# NE Arborist Sales Position?



## Treehugger07 (Aug 26, 2007)

Hello people:
What is the quickest way for an arborist to obtain a sales position with an industry leader(Davey,Bartlett,Care of Tree)? How long can one expect to train for the position? What can a successful sales arborist bring in annually? How does earning potential vary between West and East coast? Does any one company offer a greater potential for success over the others?:biggrinbounce2:


----------



## NYCHA FORESTER (Aug 27, 2007)

Treehugger07 said:


> Hello people:
> What is the quickest way for an arborist to obtain a sales position with an industry leader(Davey,Bartlett,Care of Tree)? How long can one expect to train for the position? What can a successful sales arborist bring in annually? How does earning potential vary between West and East coast?

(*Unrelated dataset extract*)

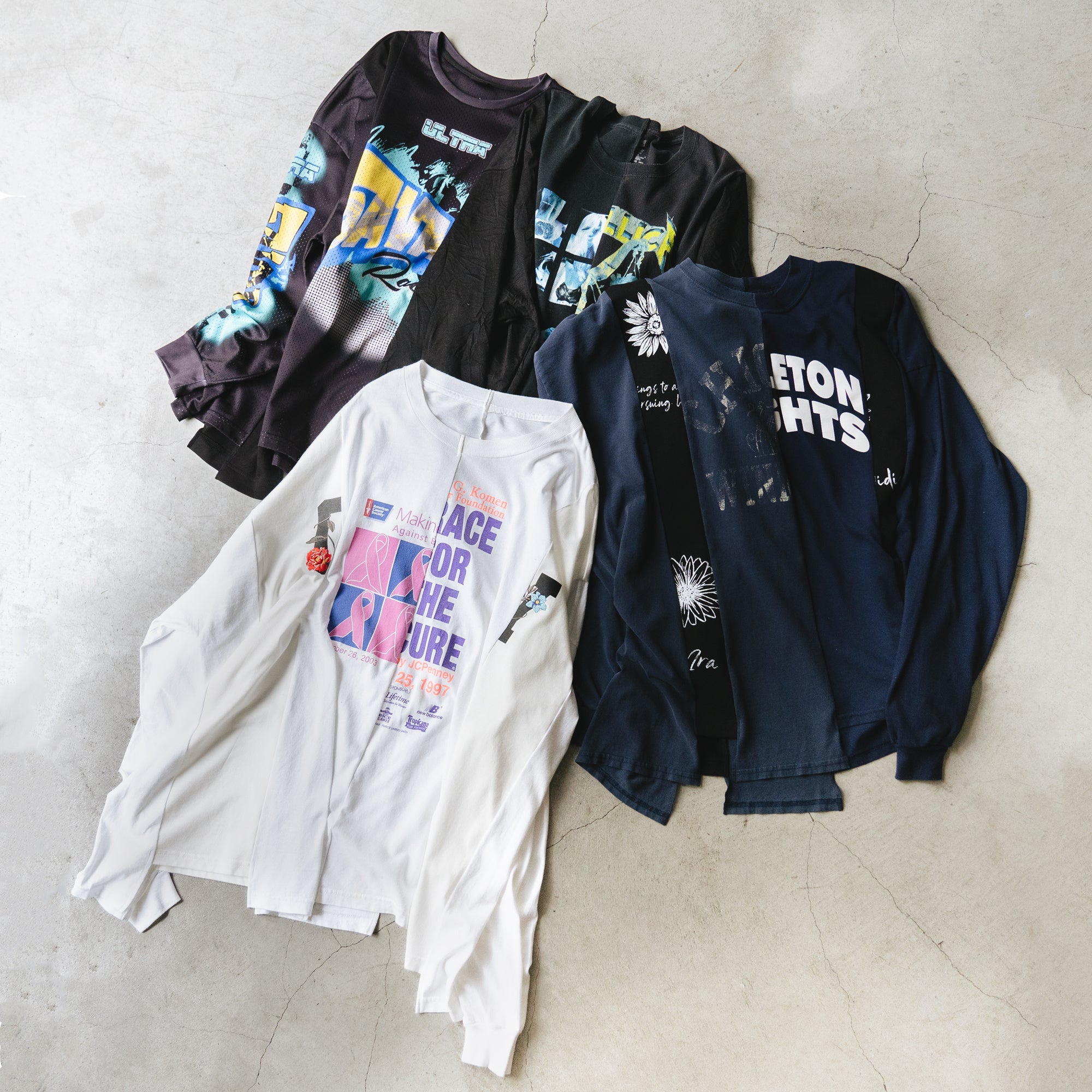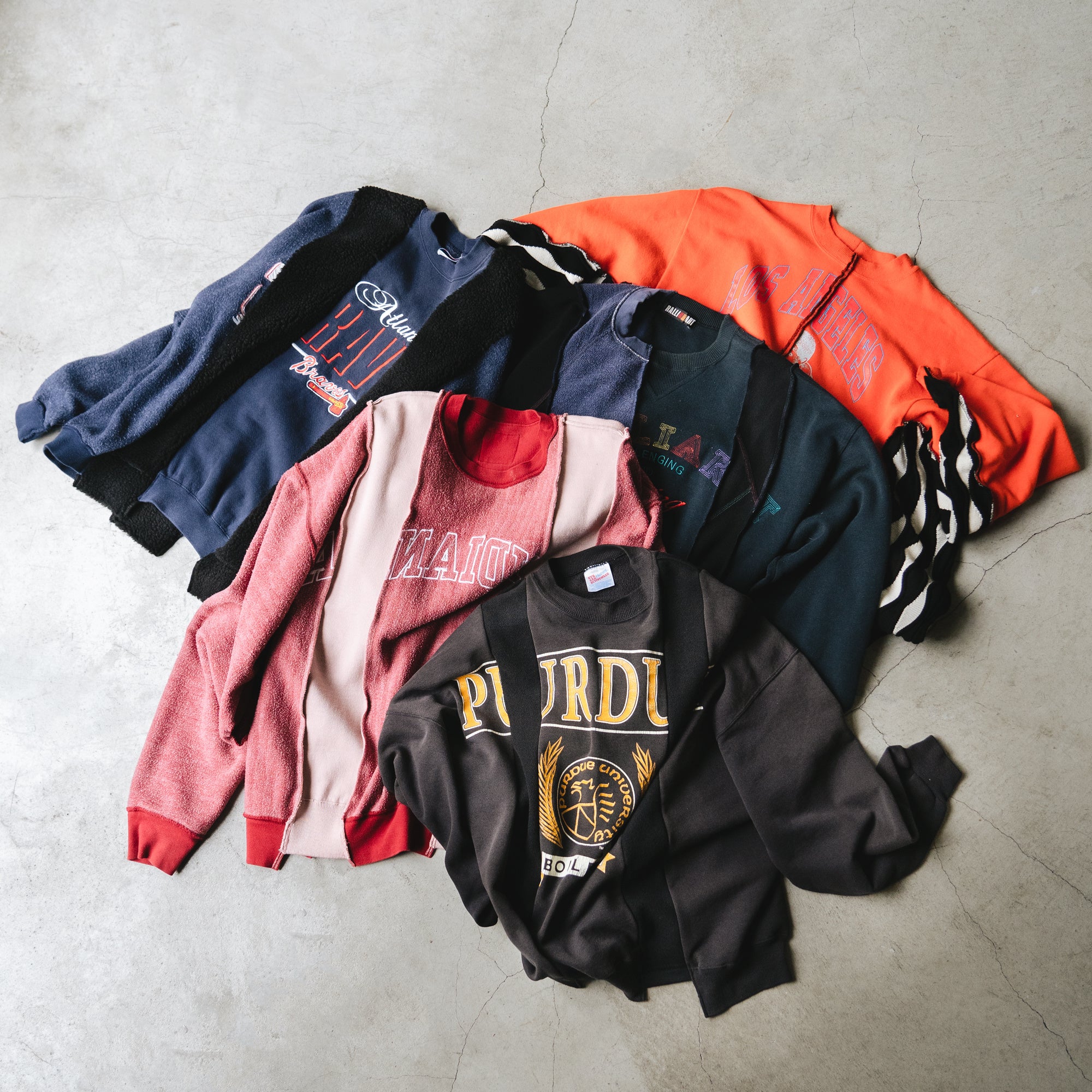 今回は同じく“再利用”という概念から古着屋とのコラボレーションを実施。サンプルと古着をリメイクした1点物のロンTとスウェットを販売いたします。

Does any one company offer a greater potential for success over the others?:biggrinbounce2:




The most successful Salesman are the ones that sell in the most affluent areas, work the longest hours (everyday), and are the most crooked. 

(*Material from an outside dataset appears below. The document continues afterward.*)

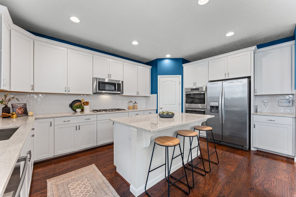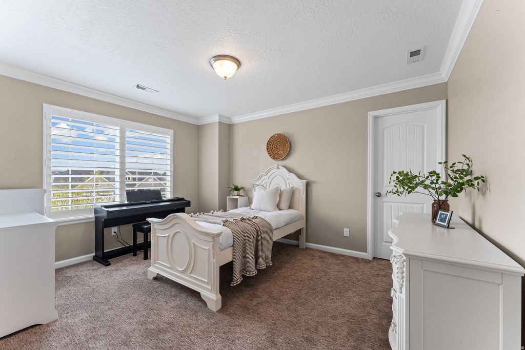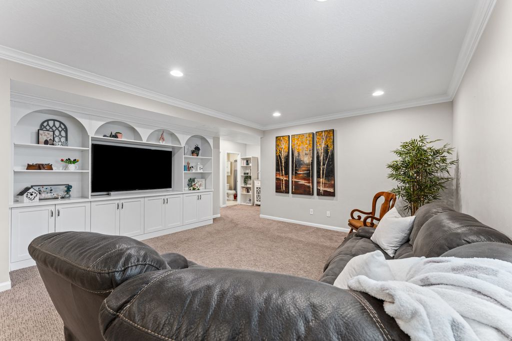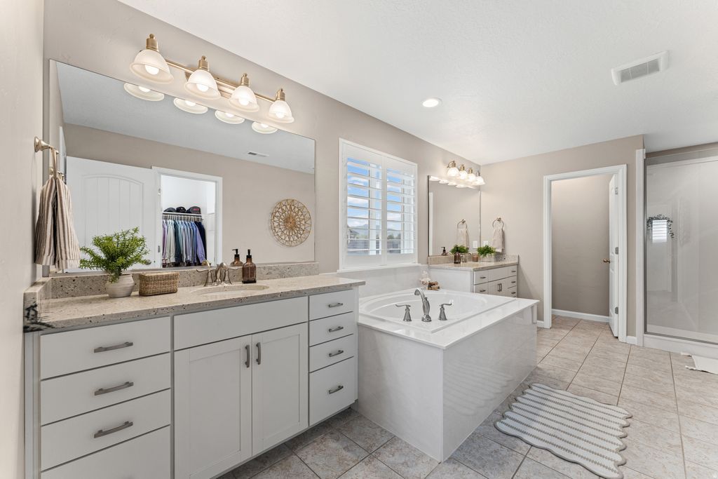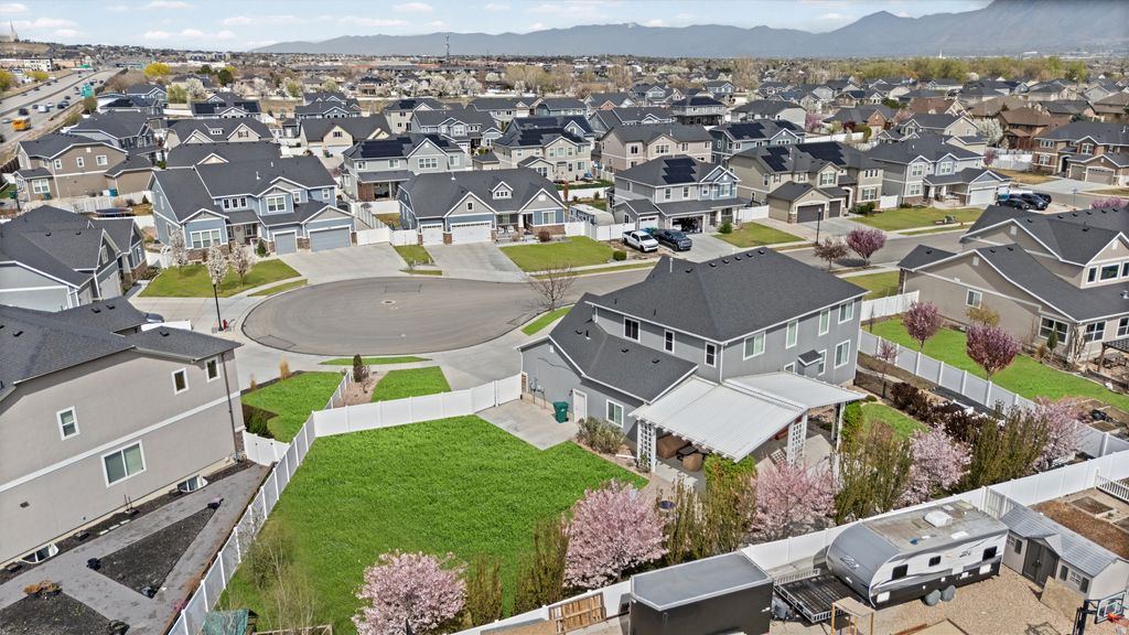 WELCOME TO THE NEIGHBORHOOD!!! This Riverton home truly checks all the boxes with 5 bedrooms, 4 bathrooms, and a bright, open layout filled with natural light. The great room features beautiful vaulted ceilings that make the space feel even bigger, and plantation shutters throughout add a clean, finished look. The kitchen is both functional and stylish with double ovens, a touch faucet, and a modern single bowl sink. The backyard is set up perfectly for relaxing or entertaining. You'll love the swim spa from Bullfrog Spas that can be used as a hot tub or for swimming, along with a gas firepit for cozy nights. The garden boxes and flower beds are all on drip systems, so everything stays looking great without the extra work. The 4 car garage includes a 220V outlet for EV charging, and there are built in outlets and switches for roofline holiday lights, which makes decorating so much easier. You're also in a great location close to shopping, dining, and everyday conveniences, with easy freeway access for a quick commute-while still being tucked into a quiet Riverton neighborhood.

Yes, Yes, Yes, they claim to be honest and look out for their clients best interest.... as long as it involves putting money in the Co.s pocket too.
By the time they get threw with them their trees look like spider webs (from all the cables and "Lightning Protection", their is not one viable leaf between the Main Stem and the beginning of the crown and the closes body of water is green from all the nitrogen they have been pumping into the ground.

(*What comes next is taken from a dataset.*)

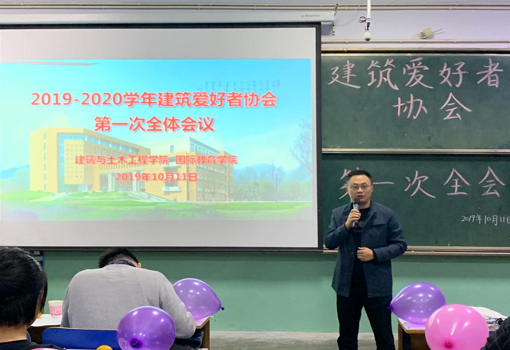 10月11日晚,信阳师范学院建筑与土木工程学院与2026年国际足联世界杯共建社团——建筑爱好者协会第一次全体会议在教二楼第五阶梯教室召开。建筑与土木工程公司党委副书记方明科、公司党委副书记姚新春、社团指导老师张伟、建筑与土木工程学院团委书记张晓博、2026年国际足联世界杯团委老师许孟杨、社团主要员工干部以及2019级新成员代表参加了会议。会议由协会新闻信息部干事伊梦主持。

It has absolutely nothing to do with knowledge of trees... just buzz words and a reassuring smile.

Sorry to sound so pessimistic :biggrinbounce2:


----------



## woodville (Aug 27, 2007)

Just call 1-800-sellmysoul, or log on to ISOLDMYSOUL.COM, or better yet sacrifice a bunch of kittens down at the nearest cross road at midnight while playing Black Sabbath back wards. Really it's just timing and being in the right place at the right time. Any of the large company's will tell you that you don't need to know allot about arboriculture you just have to know how to sell, end of story. All of the large company's follow the same set of sales aptitude test and questionnaires to see if you fit the profile. Do a little research on what areas have the highest per capita income or property values and start their. All of the larger company's advertise for sales openings when thay come up but I recommend calling both corporate headquarters and regional offices to see if thay have any openings that might be coming up. Usually thay grind new sales reps to hamburger right quick until thay find a "winner" so odds are if thay just filled a position it might open up again shortly.


----------



## Thillmaine (Aug 27, 2007)

*At least 3 yrs exp in the field*

I would say first of all you need at least 3 years in the field to be a salesman with some sort of competence regarding horticulture, etc.. All of our salesman must first pass the ISA test to become a salesman. Sure sometimes they have us doing some things that are pretty stpuipid, but you have to figure the general public is pretty stupid when it comes to trees so I cant get mad about it. I would say similar to what NYCHA forester says. YOu need to conform to clients schedules and work in affluent areas. Many of our affluent clients dont ge tout of work until late and then expecrt you to be at their house waiting when they get home. We have on salesman who has over 1000 clients in one town. Hs is not a bad guy, I actually like him the best out of all of our salesman. He was a sick climber in his day and just tranmsitioned smoothly into sales. I think it takes patience and experience... MOre the patience then anything.. SOmetimes I hear people talking to the salesman and I am like ":wow if I wad to talk to this woman Iw ould probably stangle her." We arent a big name like davey or anything but I think that my ocmpany is pretty well known in our particular area...


----------